In Christina's World, one of the most beloved works of American art, Andrew Wyeth painted Christina Olson crawling crablike across the field below her house, raised on emaciated arms, with a swollen knob for an elbow, and hands clenched and gnarled. The significance of these physical abnormalities, and the message Wyeth endeavored to convey via the portrait, are considered here in light of Christina's medical history and the disorder it most likely signifies.

From the article:


She began life as a small, blond-haired girl with a “silver giggle,” who seemed no different from other children. However, by the time she reached the age of 3, she was walking on the outsides of her feet with on odd gait. Even so, she was a bright, fiercely determined child, who stomped around ignoring her disability as it gradually worsened. By the time she was 13 years old, she stumbled and fell frequently, though with a mind wonderfully “bright, curious and hungry.”…
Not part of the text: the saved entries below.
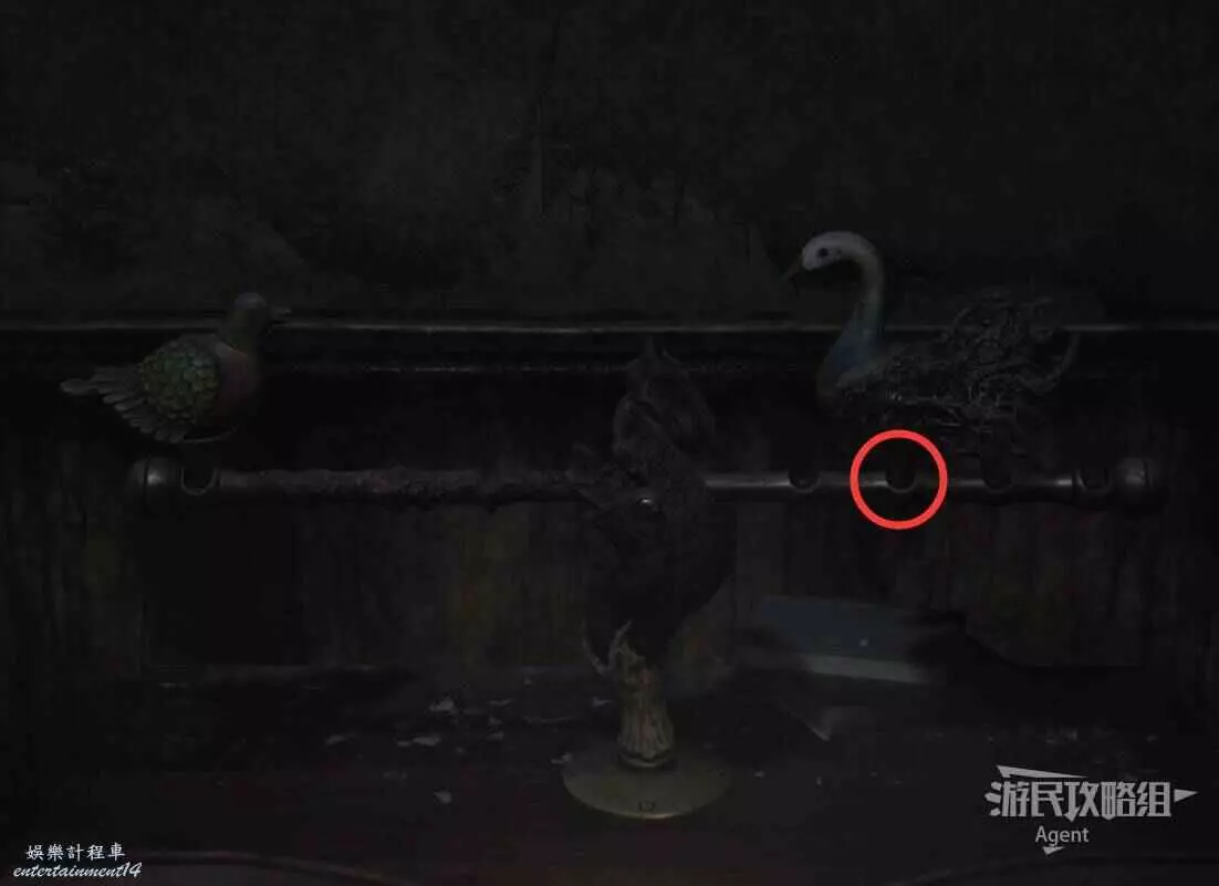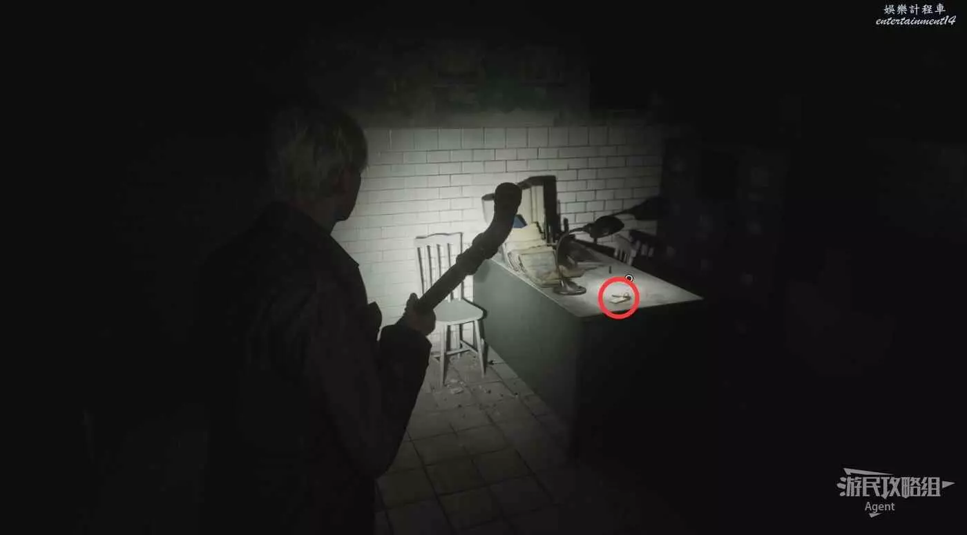 從正門或者打破牆壁都可以進入211室,廚房裡有手槍子彈,裡面房間拿到【木制天鵝的頭部】。
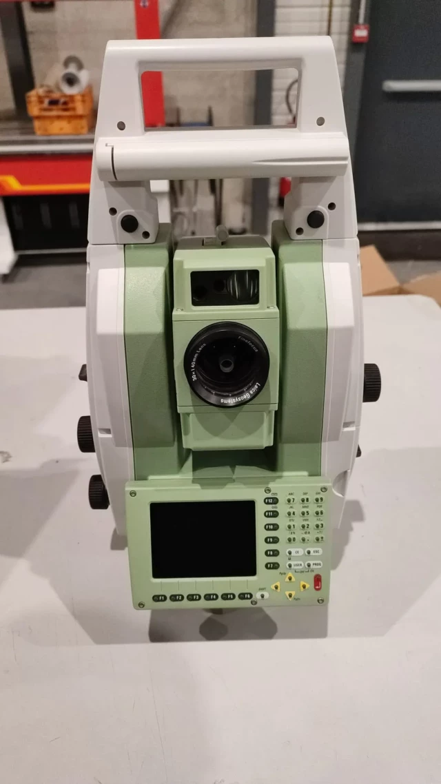 The Leica Geosystems TS30 0.5" Total Station is a sophisticated surveying instrument renowned for its 0.5" angular accuracy and robust reflectorless range capability. This particular model, item number 757130, was manufactured in 2010 and has been previously used. It is designed to perform precise distance measurements and can endure a variety of environmental conditions.
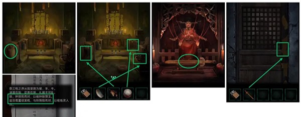 31、拿到【猪头雕像】和【羊头雕像】,根据《告祖祭文》的提示,将三个【X头雕像】放在正确的位置上。
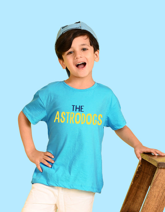 Nusyl Boys Sky Blue The Astrodogs Text Printed Short Sleeve Oversized T-Shirt
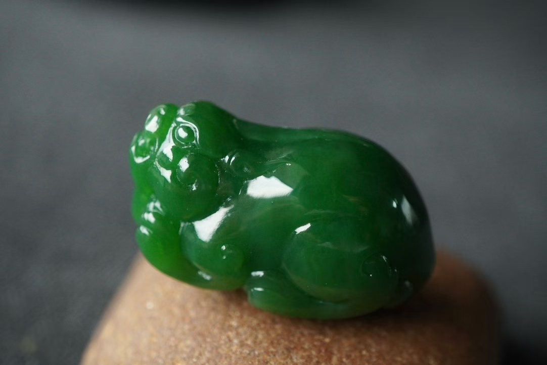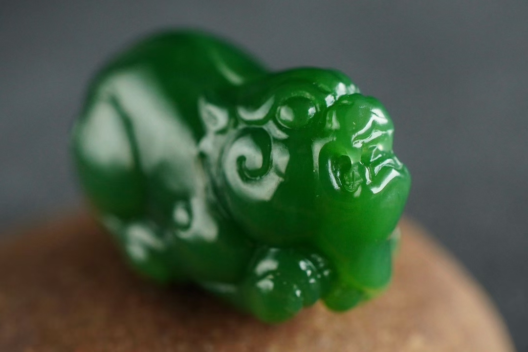 • 和田玉老礦料碧玉濃郁陽綠貔貅掛件,天然和田玉軟玉
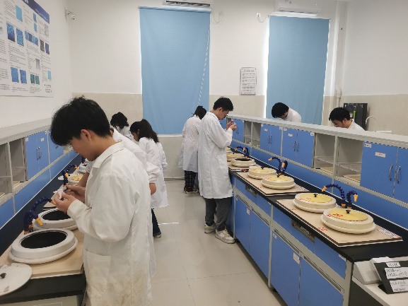 参赛选手学科跨度大,专业基础差异大,实验教学中心特别组织了赛前培训,邀请材料学院姚荣迁教授和韩佳甲助理教授作为指导老师为参赛选手进行理论知识和实验操作培训。通过4课时理论培训和为期一个月的实践操作培训,选手们熟练掌握了金相试样打磨、抛光、腐蚀等表面处理实验技能和试样金相形貌观察方法。
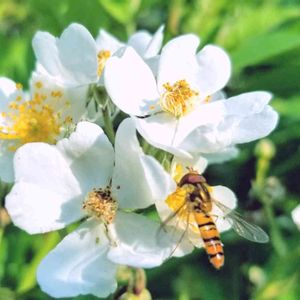 ナニワイバラの花に潜るハナムグリを 撮っていたら たまたま飛んでいた ハナアブも一緒に写り込んだよ
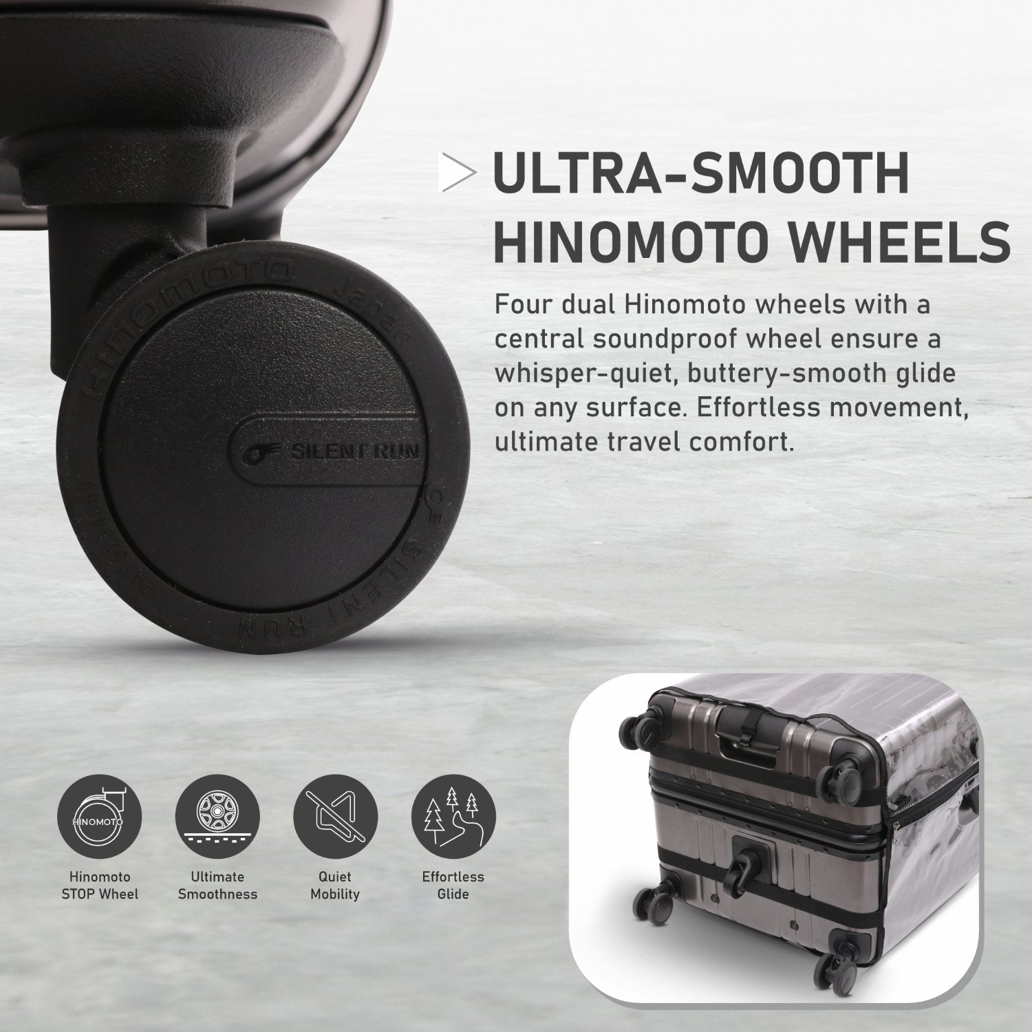 • Hinomoto Ultra-Smooth Wheels - Glide effortlessly with four dual Hinomoto silent spinner wheels and an innovative soundproof middle wheel for noise-free movement.

Her letters at that time, however, told a different story, one involving a series of “bad falls…
Christina’s balance soon worsened to the point that it was unsafe for her to look up without having a firm grip on something to steady her. Although she was still able to walk, her crablike gait forced her to use the entire width of the road when ambulating. Her mother made her kneepads to wear under her skirt as protection against her many falls. Her hands as yet unaffected were capable of the intricate work of a talented seamstress…

By the time she reached 26, Christina could walk only 3 or 4 steps without assistance, and her hands had become so misshapen and unsteady she had to use her elbows, knees, and wrists to do those things formerly done with her hands. Offers of help were gently but firmly refused. By the end of her fifth decade, she had lost the ability to stand and had to crawl to get where she wanted to go, though her mind continued to be as sharp as ever…

When she was 56, she developed a severe illness thought to have been pneumonia. One evening, while recuperating, she sat with one leg stretched out beneath a stove and fell asleep. When she awoke, the heat from the fire had seared the flesh from her withered leg. The third-degree burn healed slowly in response to repeated application of cod liver oil….

Having eliminated these possibilities, only one of the hereditary motor and sensory neuropathies remains as Christina’s probable diagnosis—one that presents in childhood and follows a slowly progressive course over the life of the patient—in short, “Charcot-Marie-Tooth disease.”